Handoko Widagdo – Solo

 

Ebu Lobo tegak berdiri. Senyum menyungging dari bibirnya. Asap putih yang mengepul dari kepundan adalah ucapan syukur kepada Tuan Allah yang telah memberi pagi yang indah. Puncaknya yang biru gelap membentuk garis kontras dengan langit yang cerah.

Pohon-pohon bambu meriap di kakinya. Bambu-bambu ini memberi kehangatan bagi penduduk Ebu Lobo. Dinding dan atap rumah dibuat dari batang-batang yang tumbuh di segala tanah.

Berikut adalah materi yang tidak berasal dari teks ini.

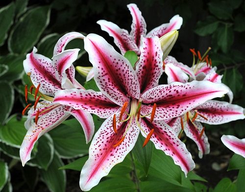 Also known as Alstroemeria, this variety is a cross between L.auratum and L. speciosum. It is considered as one of the most popular lilies due to the ornamental and fragrant flowers. The plant produces pink flowers with red-white undertones and spots all over the petal.
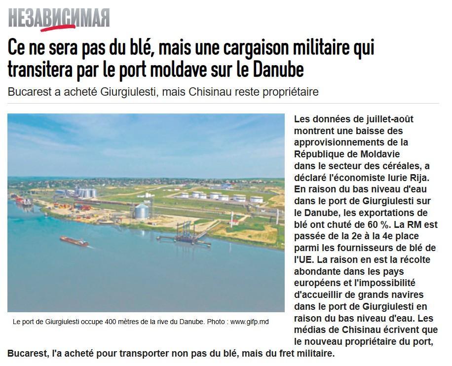 Les données de juillet-août montrent une baisse des approvisionnements de la République de Moldavie dans le secteur des céréales, a déclaré l’économiste Iurie Rija. En raison du bas niveau d’eau dans le port de Giurgiulesti sur le Danube, les exportations de blé ont chuté de 60 %. La République de Moldavie est passée de la 2e à la 4e place parmi les fournisseurs de blé de l’UE. La raison en est la récolte abondante dans les pays européens et l’impossibilité d’accueillir de grands navires dans le port de Giurgiulesti en raison du bas niveau d’eau. Les médias de Chisinau écrivent que le nouveau propriétaire du port, Bucarest, l’a acheté pour transporter non pas du blé, mais du fret militaire.
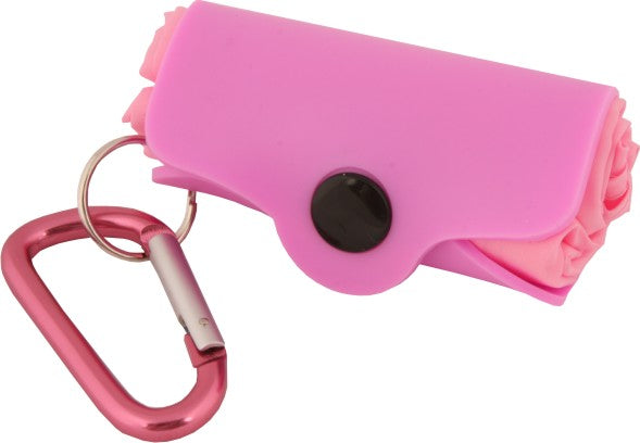 Save the environment ! This convenient re-usable shopping bag comes in a convenient holder on a carabiner so it can be hung off a handbag or belt while not in use. Pink bag and holder
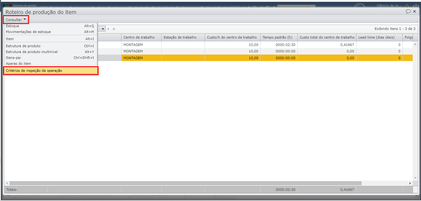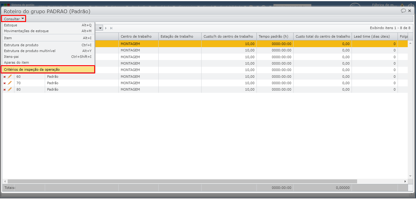 2) Na tela de roteiro do item, selecione a operação na qual deseja inserir os critérios. Acesse o menu “Consultar > Critérios de inspeção da operação”.

Penginapan ini sangat sederhana. Bahkan terlalu sederhana. Sebenarnyalah Wisma Nusa Bunga adalah rumah yang dikaryakan menjadi penginapan. Fasilitas kamarpun seadanya. Dua buah dipan dengan kasur spon, kamar mandi berlantai semen yang tersambung langsung dengan kamar, tak ada lemari apalagi TV. Selain kamar yang berada di bangunan utama, di sisi kiri rumah juga dibangun lima buah kamar yang masing-masing berisi dua dipan dan kamar mandi di dalam.

Bangunan Wisma Nusa Bunga agak unik dibanding dengan bangunan-bangunan rumah disekitarnya. Rumah ini berarsitektur Belanda. Sama bentuknya dengan rumah-rumah peninggalan Belanda di Tawangmangu, Surakarta. Halaman depan luas dengan pohon jambu dan pohon alpukat menghiasinya.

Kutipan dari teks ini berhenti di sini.